The theories and perspectives that informed research in this period were Marxism that had considerable influence on French scholars such as Claude Meillasoux, Maurice Godelier and Emmanuel Terrey among others. Pierre Bordieu’s theory of practice was widely appreciated and used by anthropologists. Although not a Marxist, the influence of Marxism on his conceptualisation of habitus, is clear. Fieldwork remained the forte of anthropologists at all times. The Marxist scholars looked for history and secondary sources for their constructions of social history, ethno-history and oral traditions which were widely used in addition to field observations. Marxism and Structuralism (Levi-Strauss and Edmund Leach) were still rooted in positivism. Levi-Strauss’s Structuralism had binary opposition as a basic tool of analysis and he considered it an infallible character of the human mind. Levi-Strauss looked for the deep underlying structures of society at the level of human thought rather than in the overtly expressed behaviour. According to him all societies were in the last analysis systems of exchange that held people together. 

The post-colonial critique challenged the existing euro-centrism of anthropological theory and many concepts that had a distinct euro-centrism were rejected or replaced. The dichotomous way of thinking was gradually being replaced by a fuzzier, less structured way of looking at social reality. Thus as we have already seen the scholars who studied Indian society in depth , soon realised that tribe and caste could not be seen as opposed or distinct from each other but had porous and often fuzzy boundaries. Also neither was bound and definable in any specific way and communities designated as tribes or castes occupy a wide range of possible organisations and ways of life. 

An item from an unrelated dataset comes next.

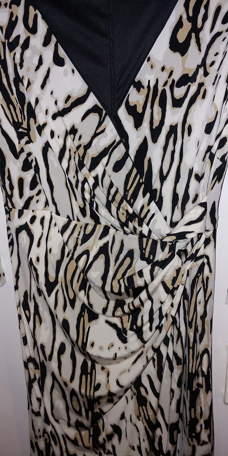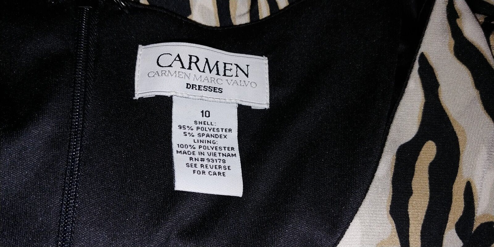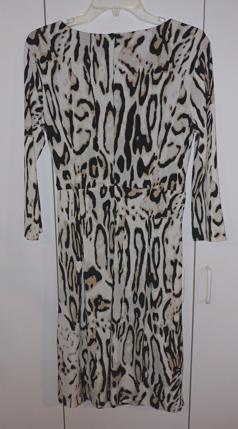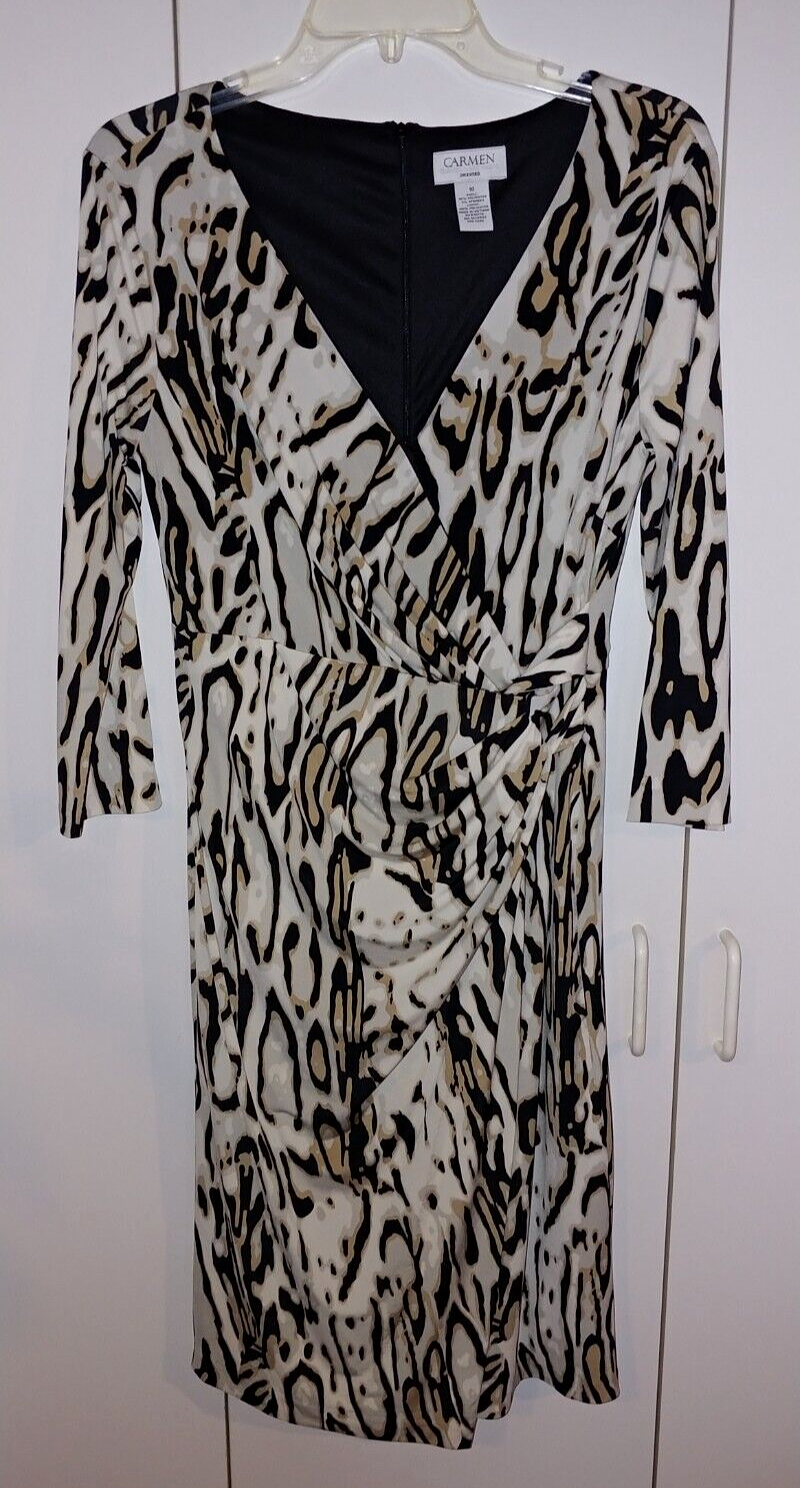 THIS IS A LOVELY LADIES CARMEN MARC VALVO 3/4-SLEEVE KNIT POLYESTER/SPANDEX CROSS-OVER V-NECK DRESS IN A SIZE 10. IT IS IN EXCELLENT, BARELY WORN, IF AT ALL, CONDITION.

Structuralism was followed by Post-structuralism and Phenomenology. Anthropological research became more reflexive and less structured and objective. It was realised that while dealing with other human beings it was not possible to be completely objective. The field situation was one of inter-subjectivity and the subjective self of the anthropologist was an integral part of the analysis. 

The Feminist approach gained ground as it was demonstrated that women anthropologists brought in a different perspective in both data collection and analysis. Many established academic works were deconstructed, so to say, to show that their research was informed by a male bias. Feminist scholars also indicated the bias and subjectivity of the scientific method, showing that most scientific studies that claimed objectivity were in fact methodically substantiating existing power hierarchies, racial, sexual and others. Prominent among such scholars are Donna Harraway and Sandra Harding.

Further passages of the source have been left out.